FIG. 1 is a front view showing a state in which environmental test modules are arbitrarily connected in series.

FIG. 2 is a plan view of the apparatus of FIG.

FIG. 3 is a sectional view taken along line AA of FIG.

FIG. 4 is a schematic view showing a mechanism of the transfer device.

FIG. 5 is a perspective view of a transfer device.

FIG. 6 is a transparent front view showing a connection relationship between a guide rail and a shaft.

FIG. 7 is a time chart showing a state of a rise in the temperature of an electronic component when a current test is performed at a high temperature.
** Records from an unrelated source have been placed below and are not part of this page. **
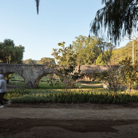 En este espacio confluyen de manera singular el patrimonio edificado del puente, el curso del río que da origen al Valle de Huatzindeo y el predio a cielo abierto que se apropia del paisaje. El propósito fue agregar valor a la ciudad con un proyecto sensible a su ubicación. Un proyecto que fortaleciera la estructura del paisaje existente de huertos y sabinos monumentales en la vereda del rio y que pusiera a disposición esa reserva ecológica para acentuar el carácter patrimonial del puente.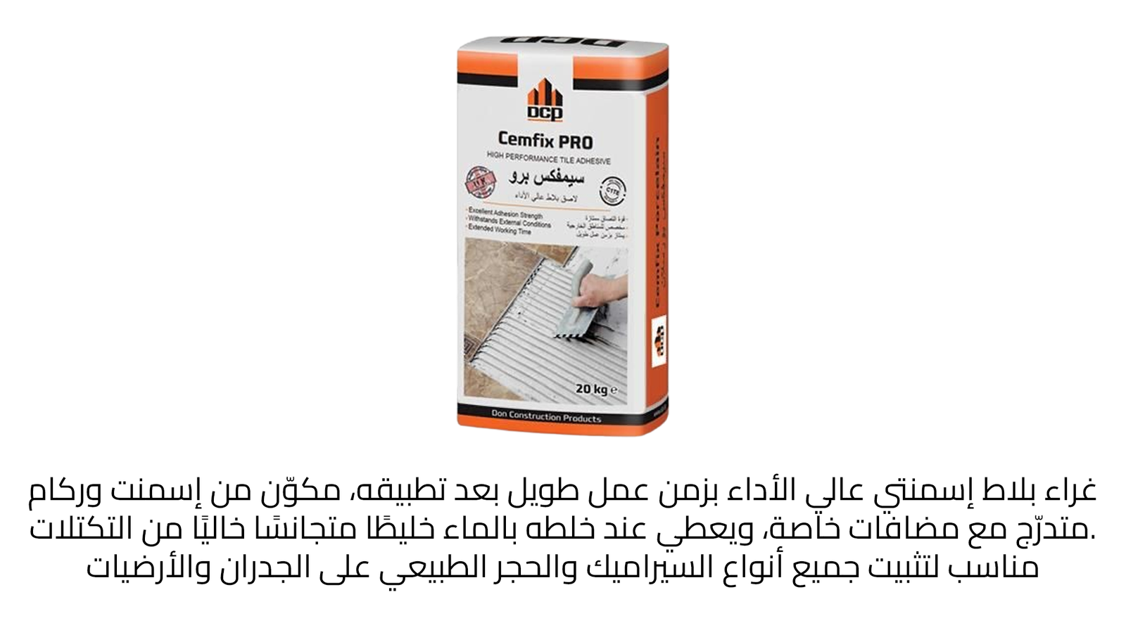 يتوفر لدينا غراء (ELTA)، عالي الجودة بتقنية ألمانية يتمتع بقوة لصق عالية مقاومة للماء والرطوبة، ويستخدم للحوائط والأرضيات والواجهات والأحواش. ضمانة لمدة 25 سنة. كما يتوفر لدينا جميع أنواع الغراء للسيراميك والبورسلين.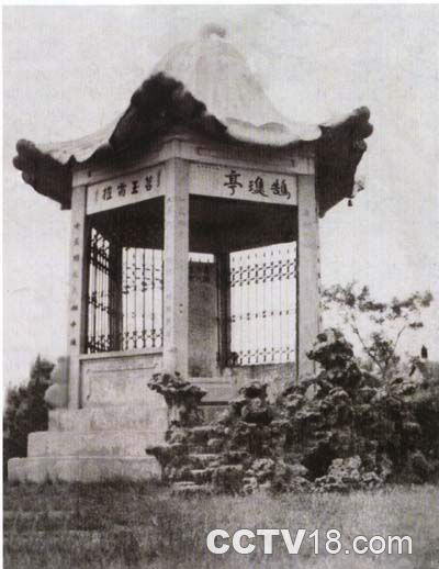 该亭形制极为罕见,颇具科学和艺术价值。亭高6米,6方,边长3米,6根30厘米直径的花岗石柱托以圆墩石坊,上面1.3米高的六角飞檐亭帽由水泥现浇而成,“帽沿”彩绘鱼龙花鸟等。亭内立有30根花岩石柱直通亭顶,人不可入,内伏青石龟。龟背上有—2.5米高、1米宽的石碑。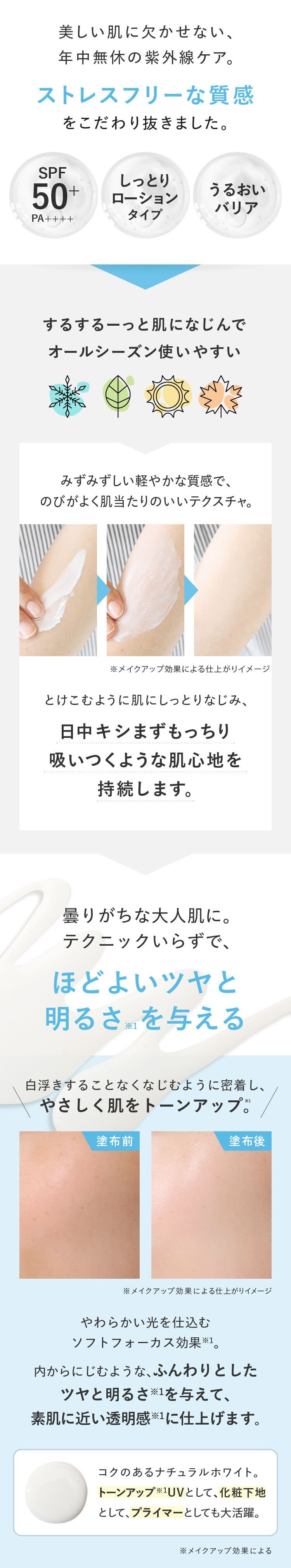 曇りがちな大人肌にも白浮きすることなく密着し、やさしく肌をトーンアップ(※1)。内からふんわりとしたツヤと明るさ(※1)を与え、素肌に近い透明感(※1)に仕上げます。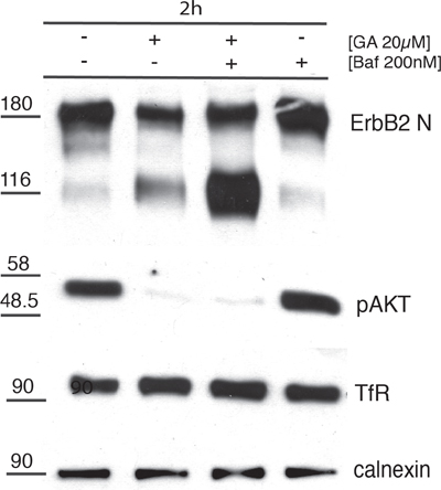 Figure 7: p116-ERBB2 isoform is signaling impaired and degraded in lysosomes. SKBR3 cells were untreated or treated with 20μM GA, 200nM BafilomycinA1 (Baf) alone or in combination for 2 hours at 37°C. The total p185-ERBB2, the GA-induced p116-ERBB2, p-AKT and TfR protein levels were assessed by Western blot using Abs recognizing the extracellular domain of ERBB2 (Ab-20), p-AKT and TfR. Calnexin was used as loading control. On the left side of the blot the migration of protein molecular mass standards expressed in kDa is shown.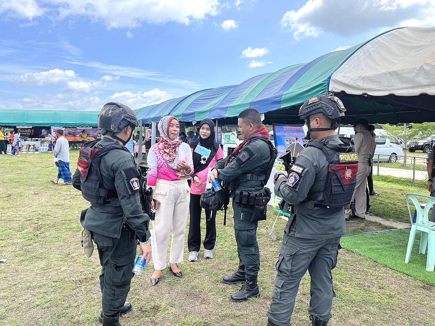 พ.ต.อ.เดชาวุธ เจ๊ะเต๊ะ ผกก.สภ.กะพ้อ ร่วมให้การต้อนรับ นางพาตีเมาะ สะดียามู ผวจ.ปัตตานี พร้อมคณะ และมอบหมายให้ พ.ต.ท.นิทัศน์ บุญวรรณโณ รอง ผกก.ป.สภ.กะพ้อ พ.ต.ท.ศุภพล ทองทวี สวป.สภ.กะพ้อ พร้อมด้วย ชป.จู่โจม ๑ สภ.กะพ้อ และ จนท.จราจร ดูแลความปลอดภัย พร้อมอำนวยความสะดวกด้านการจราจร ให้แก่ ผวจ.ปัตตานี และคณะ ที่เดินทางมา เพื่อออกหน่วยให้บริการประชาชนในพื้นที่ห่างไกล ตามโครงการการจัดหน่วยบริการ “จังหวัดเคลื่อนที่” ประจำปี ๒๕๖๖ พบปะเยี่ยมเยี่ยนและรับฟังปัญหาความเดือดร้อนของพี่น้องประชาชนในพื้นที่ อ.กะพ้อ จว.ปัตตานี

FIG. 8 is a time chart showing a state of a temperature rise of an electronic component when a current test is performed at a low temperature.

[Explanation of symbols]

 1a, 1b, 1c Environmental test module 2 Inlet lifter 3 Outlet lifter 4 Insulation material 5 Door 6 Environmental test room 7 Machine room 8 Partition plate 9 Environmental test tank 10 Constant temperature air supply tank 12 Side wall 13 Opening 14 Guide rail 15 Pallet 16 Shaft 17 Projecting piece 18 Evaporator 20 Heating means 22 Blowing fan 23, 24 Communication port 25 Compressor 26 Condenser 27, 28 Guide rail 30 Bearing 32 Air cylinder 34 Support member 36 Air cylinder 38 Member

Claims (2)

(57) [Claims] 1. An environment test chamber covered with a heat insulating material, a transport means for transporting electronic components and the like installed in the environmental test chamber, and a conduction test of the electronic components and the like arranged in the environmental test chamber. A testing device for, a recirculation means for recirculating electronic components and the like installed at a position separate from the environmental test chamber, and a constant temperature air supply means for supplying air at a predetermined temperature to the environmental test chamber. A plurality of test modules consisting of
At least two test modules are provided in an apparatus consisting of an inlet lifter installed at an electronic component insertion port of an environmental test apparatus and an outlet lifter that turns electronic components and the like from a transport means connected to a terminal of the environmental test apparatus to a forwarding means. a step of connecting an inlet lifter and outlet lifter to each terminal as well as coupled in series above, when performing a conduction test at a temperature t _H higher than room electronic parts or the like, the temperature in the test module coupled to the plurality The electronic component is heated by setting the temperature in the final module to t _H , and sequentially increasing the set temperature of the other modules by 5 ° C. to 10 ° C. toward the inlet side to lower the electronic component below room temperature. When conducting the current test at the temperature t _L , the temperature in the test module connected to the plurality is set to t _L in the final module, and the temperature is sequentially inputted. A method of testing a line-type environmental test apparatus using each test module, comprising the steps of cooling electronic components by setting the set temperature of another module lower by 5 ° C. to 10 ° C. toward the mouth side. 2. The transport means of each test module is constituted by a pair of guide rails extending in the width direction of the module, and a shaft slidably and rotatably supported below the guide rails and having protruding pieces at predetermined intervals. A shaft having a pair of guide rails and a protruding piece at a predetermined interval slidably and rotatably supported below the guide rails similarly to the conveying means provided on the module in the entrance lifter, and moving the shaft in the longitudinal direction. A horizontal driving means for sliding and a rotation driving means for rotating the shaft are installed so that the guide rails and shafts of each module and the entrance lifter can be connected to each other, and the electronic components advance intermittently at predetermined intervals. A test method for a line type environmental test apparatus using each of the test modules according to claim 1 configured as described above.